Conspiracy theorists need to explain their place in society. Ok, everyone needs to explain their place in society. Conspiracy theorists just go a little farther than the rest of us. They’re the folks on the fringes of society who have no other way to explain their place than to blame it on vast organizations of the powerful, and shadow worldwide governments. Again and again in the series, Mr. Ronson interviewed Neo-Nazis, members of the Militia movement, the anti-New World Order folks, etc. In each case, they passionately believe in their causes. But, in each case, they display some tragic flaw. Either they seemed a little less than brilliant, or a little short on logic. Each conspiracy theory has tremendous leaps in logic not backed up by evidence. If there is evidence, what I saw were second hand accounts and conjecture.
The scariest part about all of this is the way the series opened up these fissures in our society where these people exist. The shows about the Oklahoma City bombing and Ruby Ridge showed places like Elohim City, a collection of trailers and half-built houses where separatists live apart from the world. The scariest part wasn’t what they believed, but that there were children there who looked dirty and unfed, being indoctrinated into this world. What happens when they grow up? Do they perpetuate the society they grew up in? If they wanted to, could they really break free and join the mainstream (with all of mainstream society’s problems, I admit)?
I hope Trio replays the series at some point. It was extremely interesting to me. I can only imagine the searches this post will generate. To sum up, I’m trying to be objective about all of these movements and their beliefs. It’s hard. It was really hard to watch the David Icke episode with a straight face. It was hard not to be completely repulsed by the neo-Nazi’s.
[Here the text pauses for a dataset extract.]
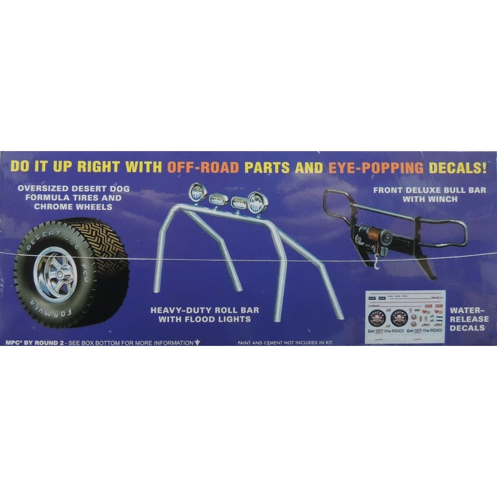 Back by popular demand! MPC’s off-road 1984 GMC pickup is a modeler favorite. This special reissue is available molded in black for experienced modelers wanting to paint it any color they choose. It also features irresistible new packaging illustrations from Don Greer. With its off-road accessories, raised suspension, oversized tires, and colorful new decal options.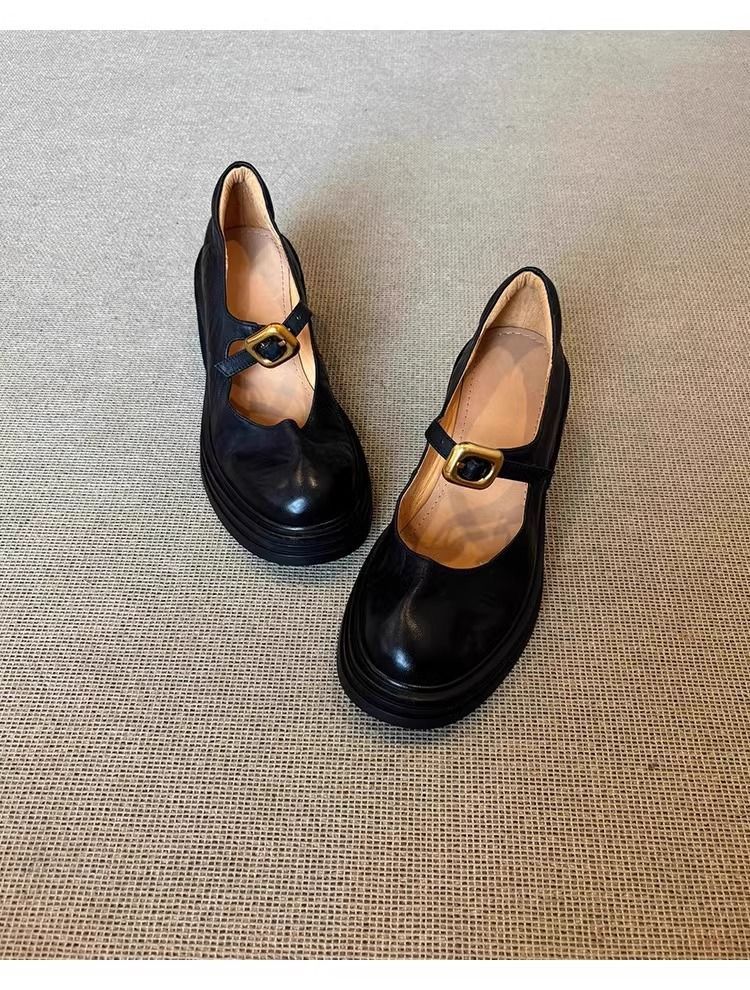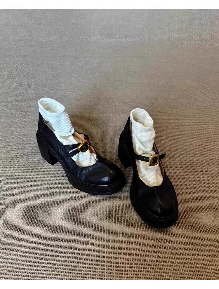 프랑스 복고풍 둥근 발가락 두꺼운 바닥 가죽 신발 여성의 2025 가을 겨울 새로운 영국 얕은 컷 힐 하이힐 메리 제인 신발

Ok, I admit, I was repulsed. I tried to get past it and understand their point of view, and get at the reasons behind their belief. It helped paint a clearer picture of who these people are, and crack open my cartoon image of these groups. The other thing I realized is that zealotry is any form is a bad idea. If you believe something so strongly that you’re willing to give up anything to be a part of it, willing to do anything to bring it to pass, it’s time to re-examine that belief. True Believers are truly dangerous. If the the Right Thing™ is the only thing, something is out of whack. Man, I sure hope this made sense… What did I screw up? Or, better yet, ignore everything I just said and go read an interview with Mr. Ronson.